* _Recorded data_
■ ■ ■ ■ ■
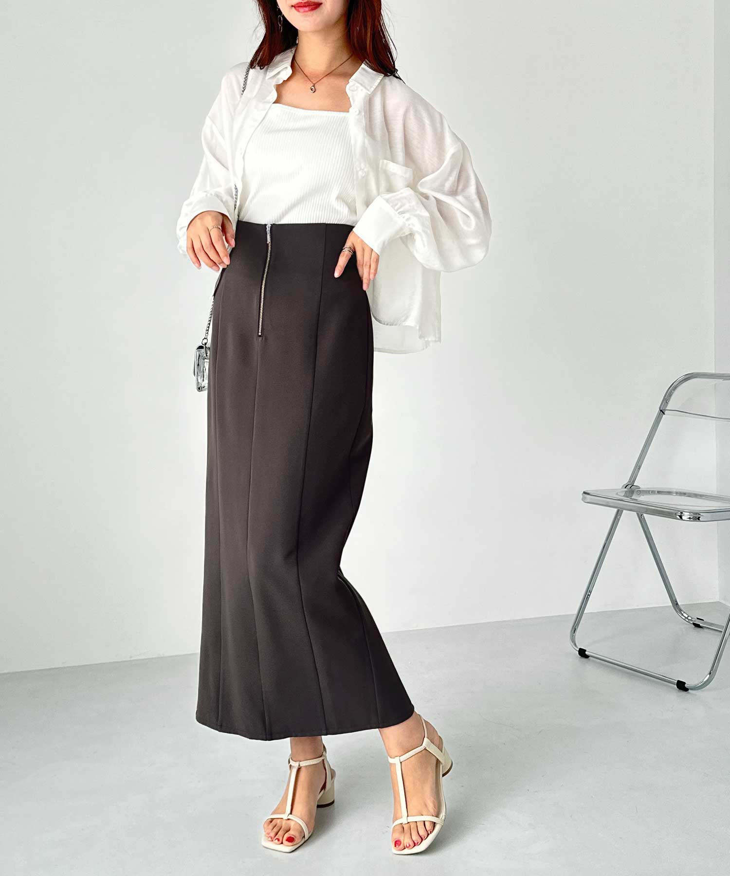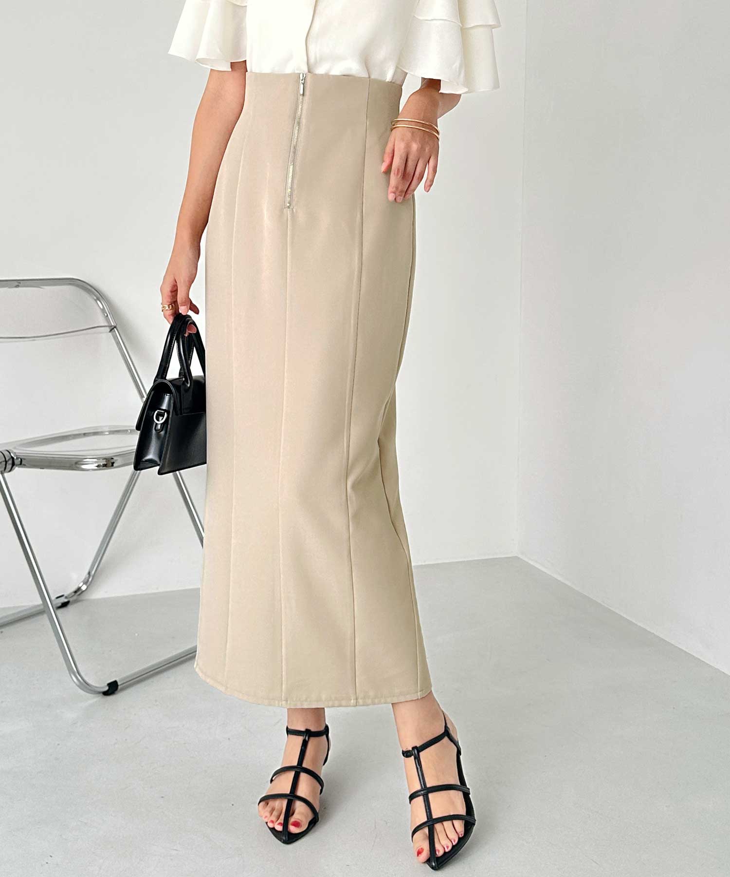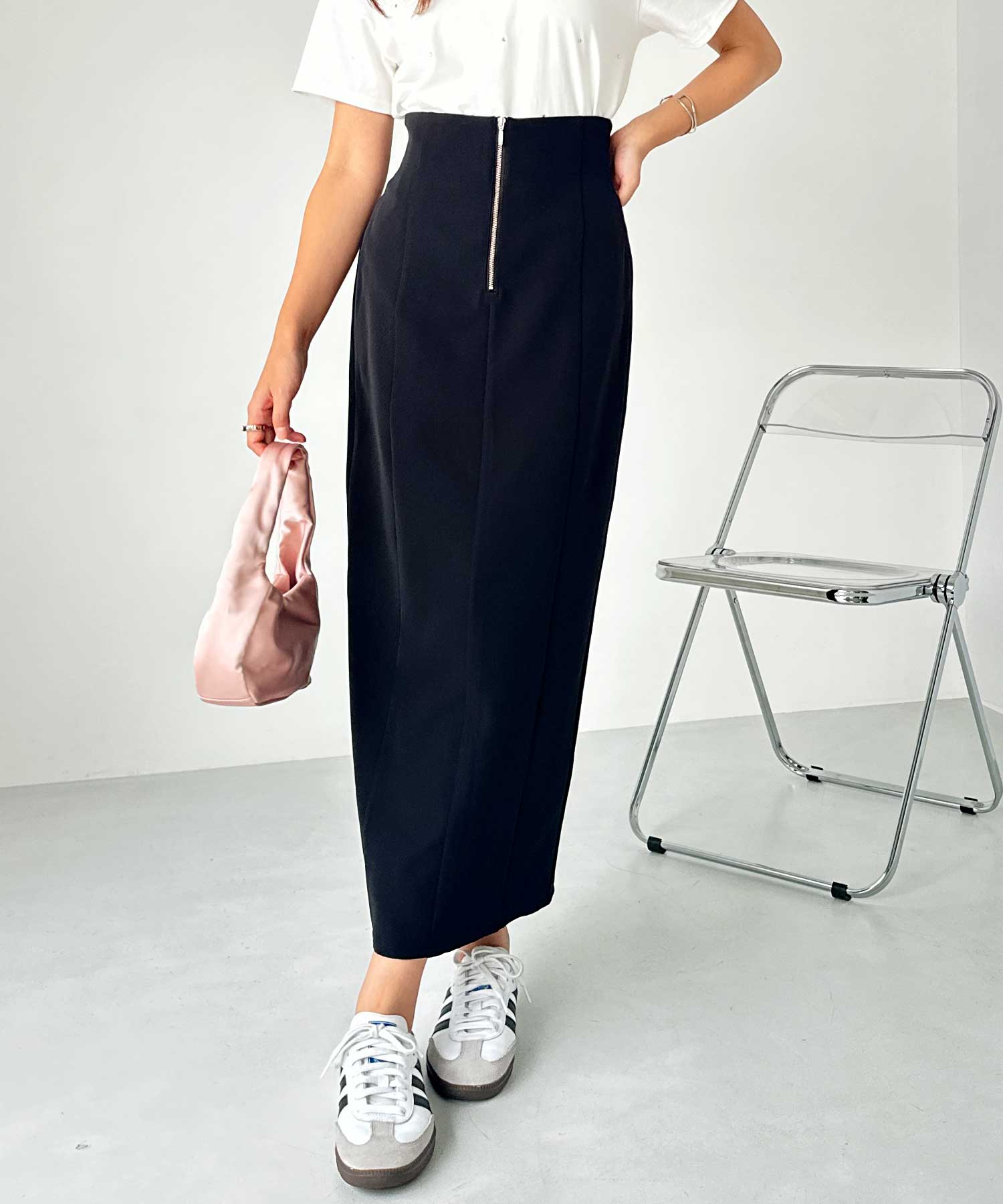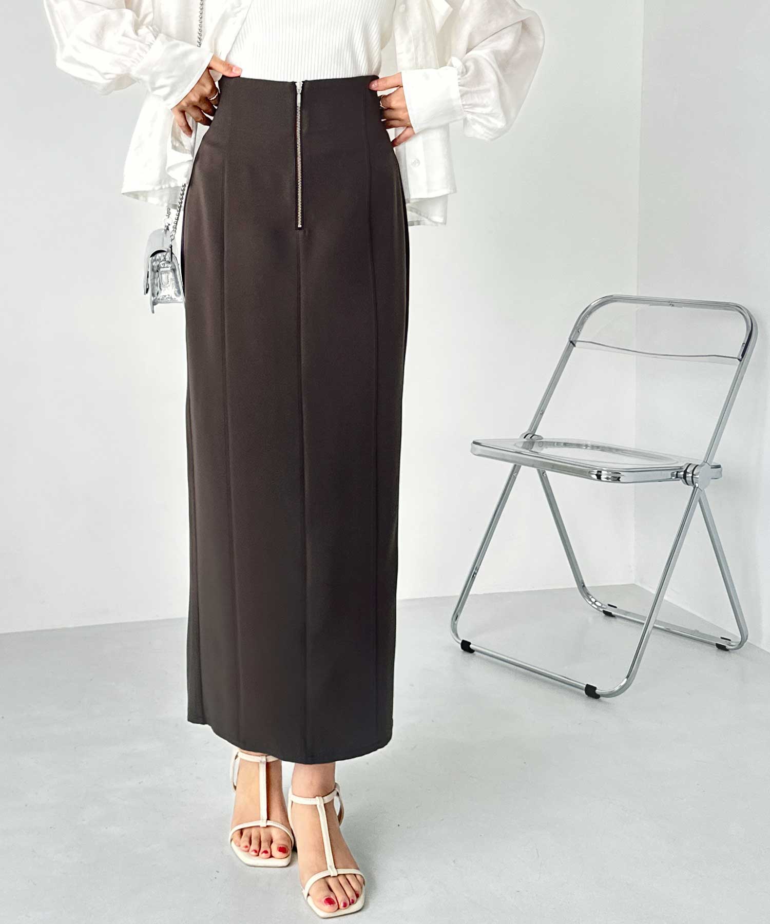 フロントジップ×切替デザインが縦ラインを強調するペンシルスカート。
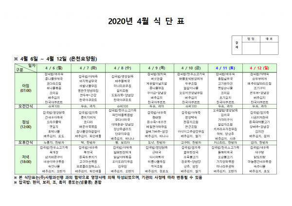 4월 첫째주 식단표 페이지 정보 작성자 은천노인복지회 작성일20-04-13 15:04 조회178,945회 댓글0건 관련링크 이전글 다음글 목록 답변 본문 . 이전글 다음글 목록 답변
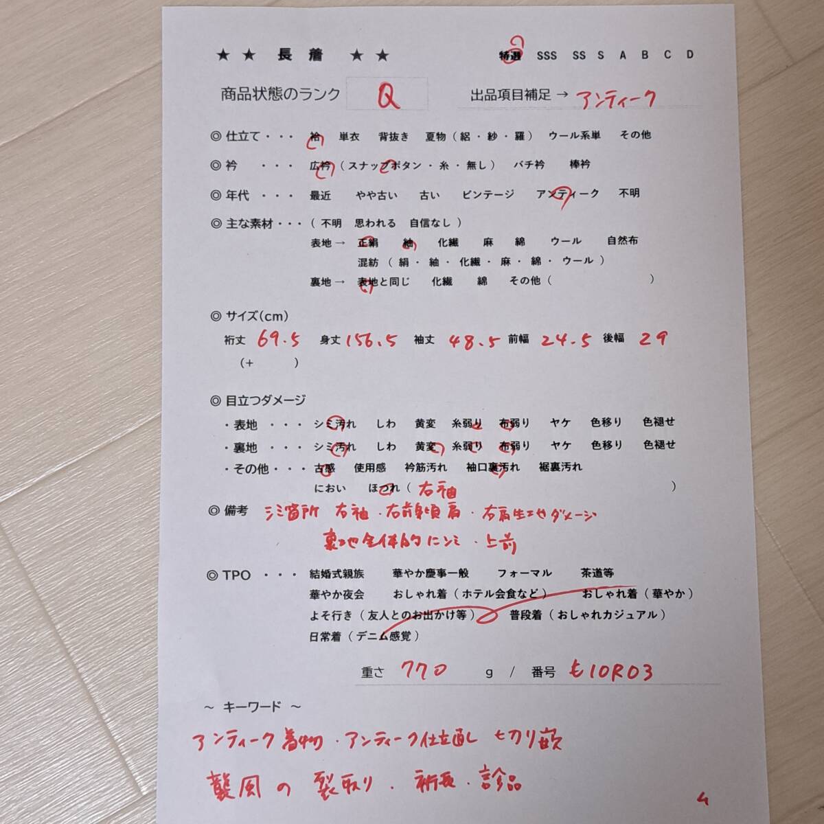 | Z | 着用向けではなくコレクション、鑑賞向けとして販売するお品ものです。布の力が無くリメイクも難しい場合が多いです。 様々な難やシミなどございますので、古き物をご理解いただける方のみご入札ください。ノンクレームノンリターンでお願いいたします。 |
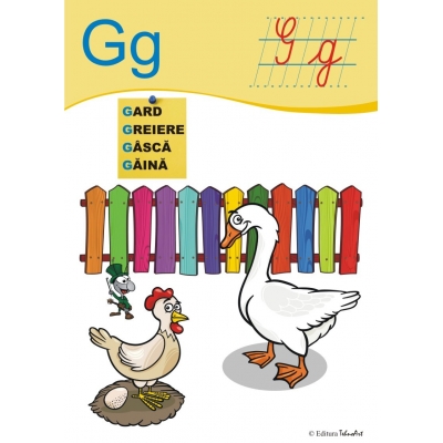 „Literele alfabetului” reprezintă un instrument auxiliar pentru preşcolari, şcolarii mici, în vederea însuşirii unor cunoştinţe referitoare la educarea limbajului. Planşele sunt ilustrate atractiv, concepute în acelaşi timp educativ, ajutându-i pe copii la învăţarea literelor mari şi mici de tipar cât şi a grupurilor de litere. Copiii pot fi îndrumaţi de către educatoare şi părinţi să parcurgă traseul grafic al literelor cu degetul arătător, ceea ce le înlesneşte efectuarea semnelor grafice cu instrumentul de scris pe foaia de caiet simplă sau cu reţea de sprijin pentru scrierea literelor de tipar şi implicit învăţarea acestora cu o mai mare uşurinţă. Aceste planşe contribuie la dezvoltarea şi îmbogăţirea vocabularului copiilor, stimulând intuiţia, atenţia şi memoria, Înlesnind calea spre comunicare între adult şi copil cât şi explorarea realităţii înconjurătoarea. În acelaşi timp, ţinând seama de curriculum pentru învăţământul preşcolar, pregătirea copiilor pentru şcoală este importantă şi se realizează atât ân grădiniţe cât şi în familie, iar realitatea cu care copilul vine în contact şi apare convertită şi în semnificaţii fixate în cuvinte cît şi în cod lingvistic mai puţin accesibil lui. Rolul adultului este esenţial şi astfel, jucându-se, copilul învaţă noţiuni noi care vin în sprijinul lui în vederea însuşirii alfabetului limbii române şi implicit trecerea spre citirea literelor şi grupurilor de litere. Recomand „Alfabetul pentru preşcolari” atât educatoarelor cât şi învăţătorilor care conduc clasa I cu specificarea îmbogăţirii conţinutului astfel încât cuvântul să conţină litera iniţială la început aşa cum sunt ilustrate aceste planşe, cât şi la mijlocul cuvântului sau la sfârşitul acestuia. FORMAT: 21 x 29,7 cm, 39 planşe color pe carton de 250g/mp. CONŢINE POSTER CU LITERELE.
■ ■ ■ ■ ■
* _Exercise requirements_
Would you retype the listing above exactly, omitting its pictures?

* _The completed task_
 フロントジップ×切替デザインが縦ラインを強調するペンシルスカート。
 4월 첫째주 식단표 페이지 정보 작성자 은천노인복지회 작성일20-04-13 15:04 조회178,945회 댓글0건 관련링크 이전글 다음글 목록 답변 본문 . 이전글 다음글 목록 답변
 | Z | 着用向けではなくコレクション、鑑賞向けとして販売するお品ものです。布の力が無くリメイクも難しい場合が多いです。 様々な難やシミなどございますので、古き物をご理解いただける方のみご入札ください。ノンクレームノンリターンでお願いいたします。 |
 „Literele alfabetului” reprezintă un instrument auxiliar pentru preşcolari, şcolarii mici, în vederea însuşirii unor cunoştinţe referitoare la educarea limbajului. Planşele sunt ilustrate atractiv, concepute în acelaşi timp educativ, ajutându-i pe copii la învăţarea literelor mari şi mici de tipar cât şi a grupurilor de litere. Copiii pot fi îndrumaţi de către educatoare şi părinţi să parcurgă traseul grafic al literelor cu degetul arătător, ceea ce le înlesneşte efectuarea semnelor grafice cu instrumentul de scris pe foaia de caiet simplă sau cu reţea de sprijin pentru scrierea literelor de tipar şi implicit învăţarea acestora cu o mai mare uşurinţă. Aceste planşe contribuie la dezvoltarea şi îmbogăţirea vocabularului copiilor, stimulând intuiţia, atenţia şi memoria, Înlesnind calea spre comunicare între adult şi copil cât şi explorarea realităţii înconjurătoarea. În acelaşi timp, ţinând seama de curriculum pentru învăţământul preşcolar, pregătirea copiilor pentru şcoală este importantă şi se realizează atât ân grădiniţe cât şi în familie, iar realitatea cu care copilul vine în contact şi apare convertită şi în semnificaţii fixate în cuvinte cît şi în cod lingvistic mai puţin accesibil lui. Rolul adultului este esenţial şi astfel, jucându-se, copilul învaţă noţiuni noi care vin în sprijinul lui în vederea însuşirii alfabetului limbii române şi implicit trecerea spre citirea literelor şi grupurilor de litere. Recomand „Alfabetul pentru preşcolari” atât educatoarelor cât şi învăţătorilor care conduc clasa I cu specificarea îmbogăţirii conţinutului astfel încât cuvântul să conţină litera iniţială la început aşa cum sunt ilustrate aceste planşe, cât şi la mijlocul cuvântului sau la sfârşitul acestuia. FORMAT: 21 x 29,7 cm, 39 planşe color pe carton de 250g/mp. CONŢINE POSTER CU LITERELE.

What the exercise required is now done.